Far from grudging envy, the giants loudly applauded the conqueror, bore him on their shoulders to Hrungnir's castle, where the chief bade him welcome, and called his daughter to meet her chosen bridegroom.
The lovely Guru came dressed in a sky-blue robe with a silver-embroidered hem, which she and her maids had woven and wrought in the retirement of the women's room. Round her white neck and rounded arms lay gleaming jewels, and her locks were bound with a golden fillet. Thus she came to meet the guests. Hrungnir took his daughter's hand, laid it in Andfind's right, and then, as priest of the household, the chief united them in the indissoluble ties of marriage.
Night fell round the Castle of Hrungnir. The chief and his guests lay wrapped in deep slumbers, preparing for the enjoyment of a new day. But destruction approached them, as they slept, with stealthy steps; for Odin, that crafty king, of whose origin no man could tell, came with his trusty warriors down from the mountains. They had heard of the beauty of Norway, and wished to win it for their home. They had heard that the bravest in the land were feasting in Hrungnir's castle, and they had waited till the hours of slumber that they might strike unawares the foes with whom they could not have dared to cope on equal terms.
The moonlight glided through the open windows and fell on the forms of the defenceless sleepers: the deep breathing of the warriors and the murmur of the waves were the only sounds that the ear could distinguish. But dark shadows fell in the moonlit hall, tall forms climbed in at the windows, and noiselessly, holding their weapons carefully to prevent them from clashing, they stole into the rooms. With sure aim they bathed their swords in the heart's blood of the sleepers, so that, with one last groan, each warrior yielded up his brave spirit. The pavement swam in blood, but Odin's band passed from hall to hall and never slipped on their gory path.
The death-groan, though short, reached Guru's ear. She rose and listened. No, it was no dream; there came that sound again with dreadful distinctness. She threw on her garments and sprang to the window, and when she drew aside the curtain she saw strange forms in the courtyard, bearing with difficulty a heavy burden. She looked more closely, and recognised in the clear moonlight the bloody corpse of her noble father. She stole up to Andfind's couch, and whispered, "Awake, awake, my husband, and let us fly, for treachery and death have entered our house!"

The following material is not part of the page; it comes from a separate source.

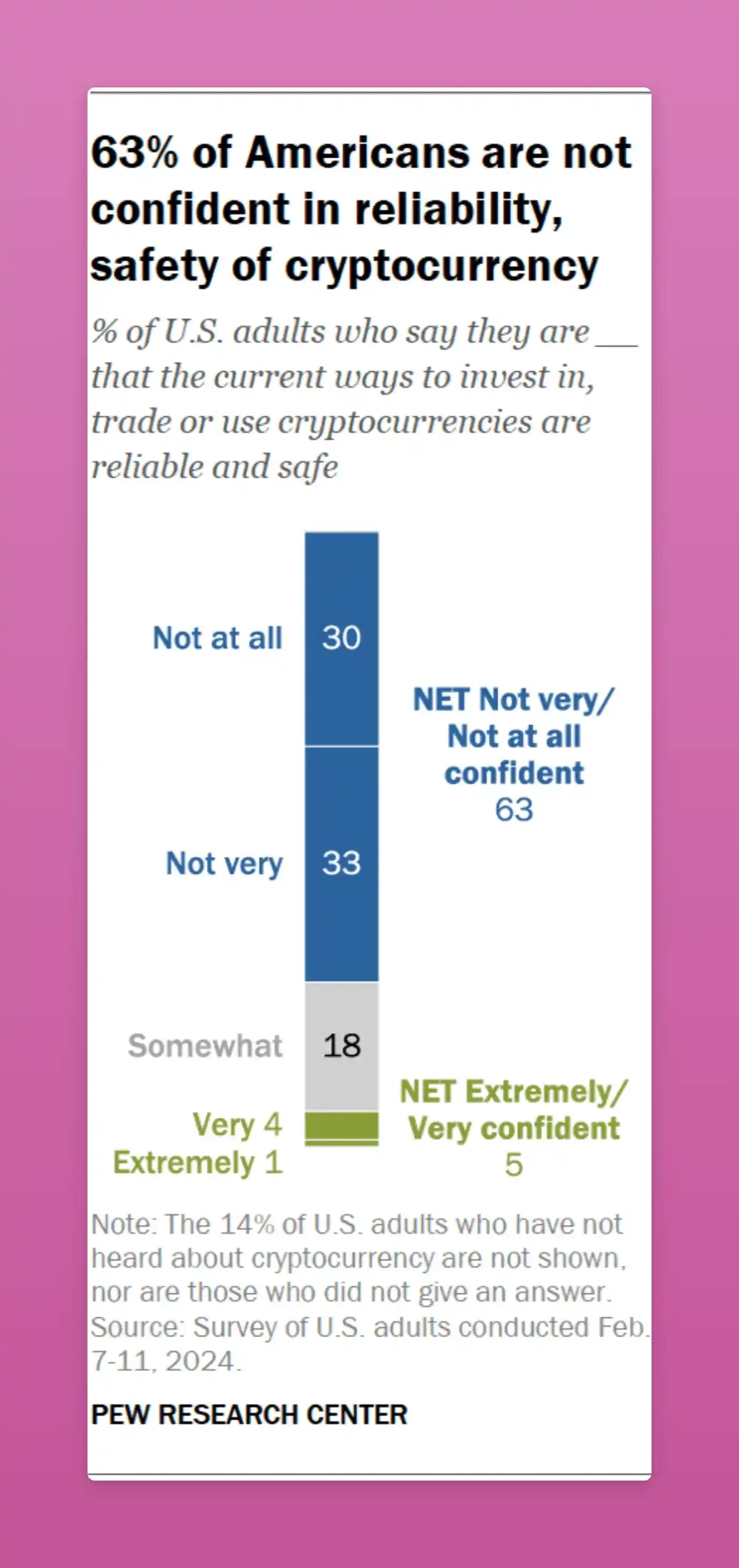 2024 年皮尤调查发现,75% 的美国人不信任其可靠性和安全性,因为诈骗和市场波动。

The bloody work seemed finished in the other rooms, and now the dreaded footsteps were drawing near.
Guru raised a stone from the pavement and disclosed a secret stair. She bade Andfind descend, and then quickly following him, she carefully closed the opening behind her.
By a narrow passage which led beneath the castle and the rocks to the strand they reached the sea unseen. There a boat lay rocking, which Guru and her maids had often used for pleasant sails. They stepped in. Andfind spread the sail and seized the helm, and the boat flew out into the open sea.
Odin had conquered. The noblest of the land were killed in the inglorious victory of that night, and the weak remnant of the giant race were obliged to leave their old home and seek a refuge in unknown lands. Notwithstanding this ignoble beginning, Odin's reign was one of wisdom, power, and beneficence.
Of Guru and her husband nothing more was ever heard. Whether the sea had swallowed the boat in its hungry depths, or whether the waves had borne them to happier coasts, none had ever brought back the tidings to their old home. But in the winter evenings, when the maidens sat around the blazing pine-log, and talked at their spinning about the days of the Norwegian giants, some aged dame would tell her shuddering listeners of that night of death, and of the mysterious fate of Guru and her noble bridegroom.